▸ **WORK ORDER**
Omit any pictures, and restate word for word only the lines from the one with "10-282No sanitary station" through the end of the data below.

■ ■ ■

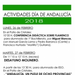 El histórico Instituto Aguilar y Eslava celebra un año más el Día de Andalucía, con una serie de actividades que van a tener lugar este lunes 26 y martes 27 de febrero de 2018 con propuestas para toda la comunidad educativa y familias del centro.
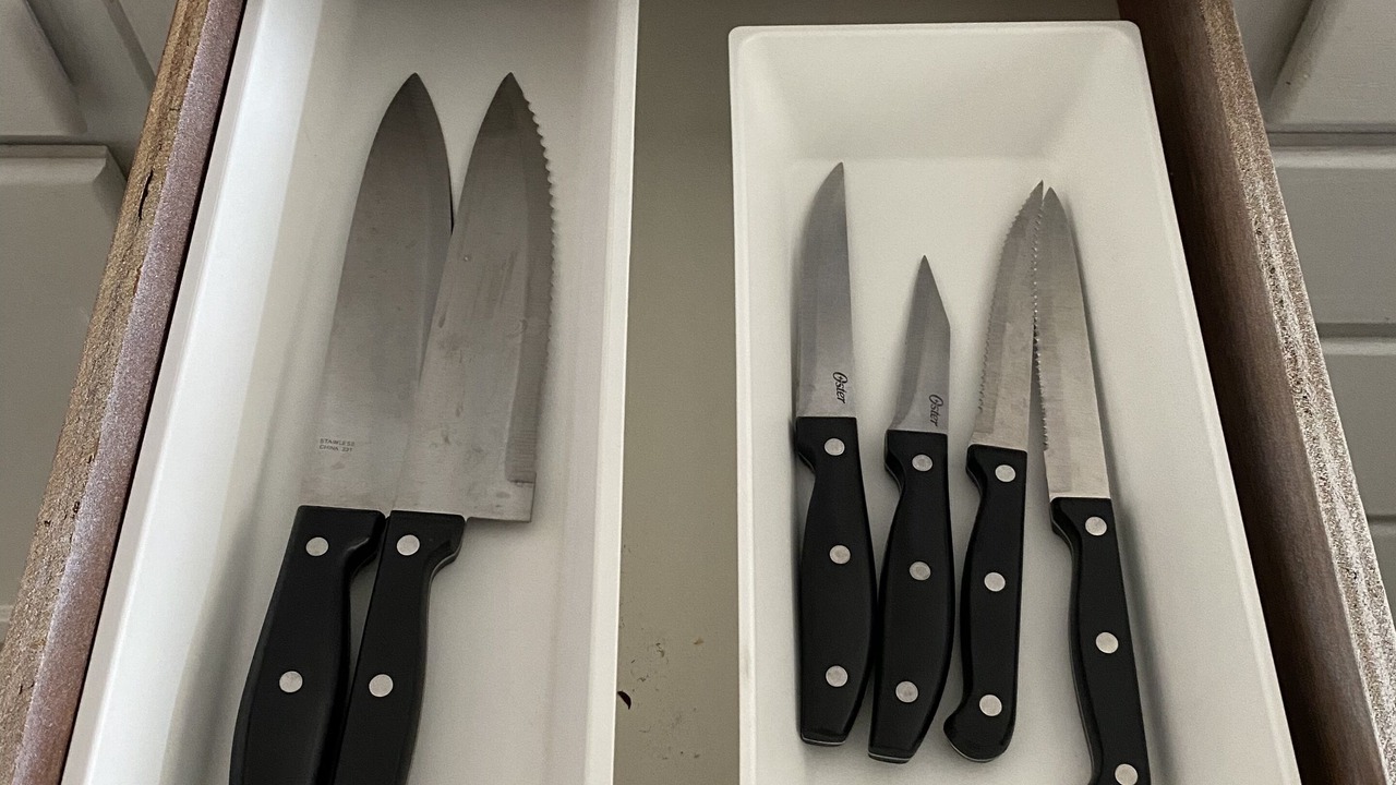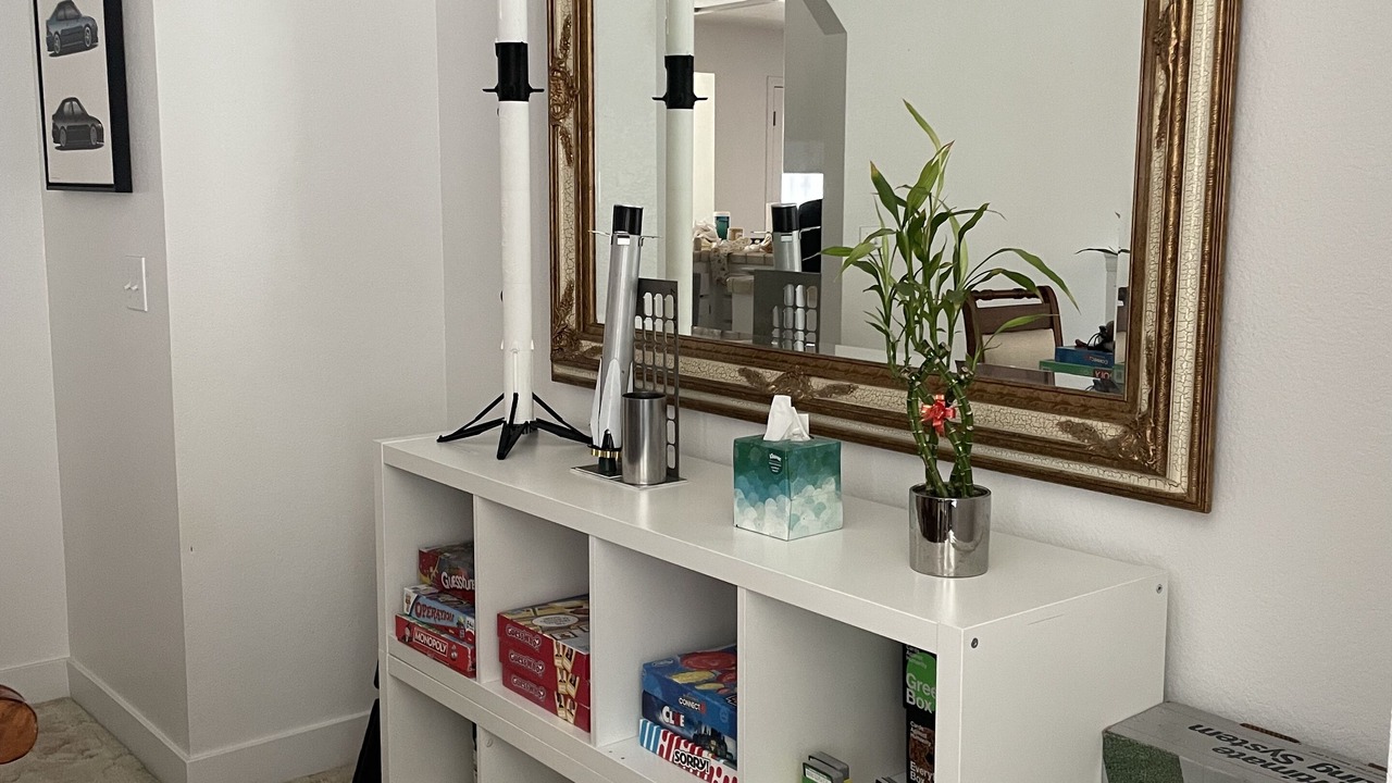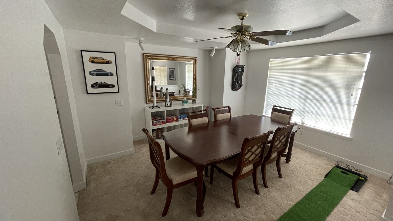 Formal dining table, full size leather couch with recliner. Axe and ninja star throwing stand up game, variety assortment of board game, golf putting area
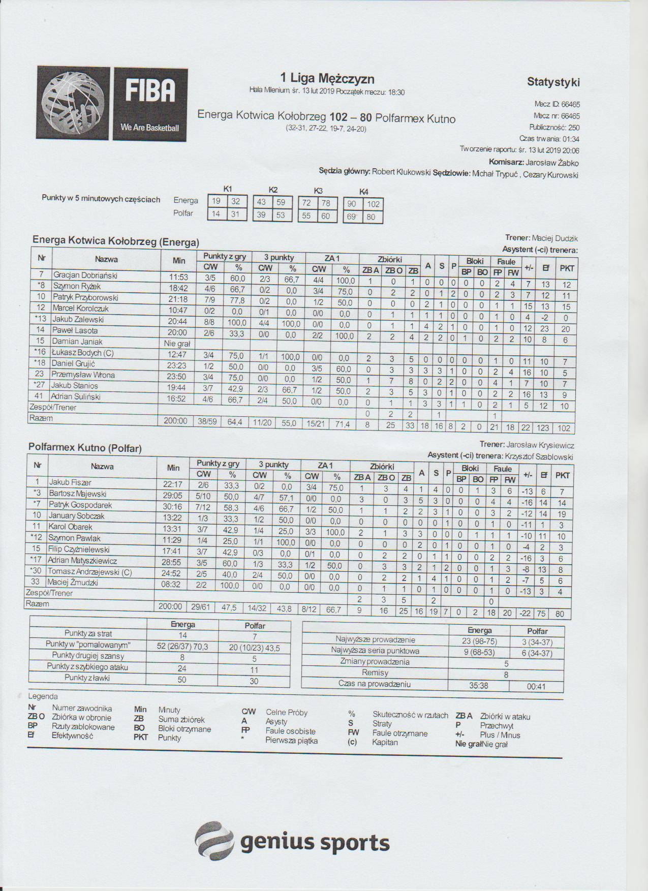 Sędziowie: Robert Klukowski, Michał Trypuć, Cezary Kurowski | Komisarz: Jarosław Żabko
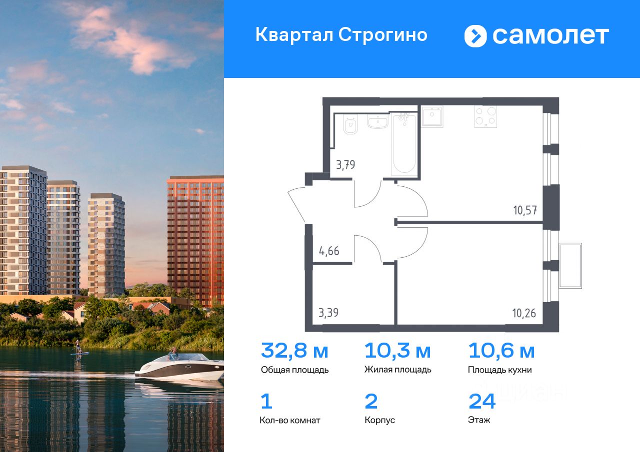 Предлагается 1-комнатная квартира комфорт-класса 32,84 кв.м в корпусе 2 на 24 этаже, в ЖК ''Квартал Строгино'' Квартира с чистовой отделкой. Доступность дополнительных опций уточняйте у застройщика.
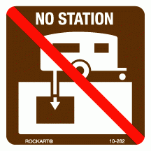 10-282No sanitary station decal. 3 x 3. White/brown/red. Reflective.
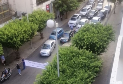 ووضع المعتصمون على سياراتهم ملصقات كتب عليها من الأمام "تحرك لأجل لبنان" ومن الخلف "ما خصك وين بصف".
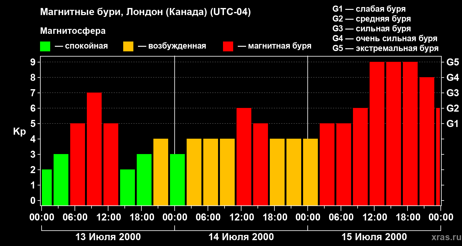 Магнитные бури Лондоне (Канада) — 15 июля 2000 года

■ ■ ■

▸ **FINISHED TASK**
 10-282No sanitary station decal. 3 x 3. White/brown/red. Reflective.
 ووضع المعتصمون على سياراتهم ملصقات كتب عليها من الأمام "تحرك لأجل لبنان" ومن الخلف "ما خصك وين بصف".
 Магнитные бури Лондоне (Канада) — 15 июля 2000 года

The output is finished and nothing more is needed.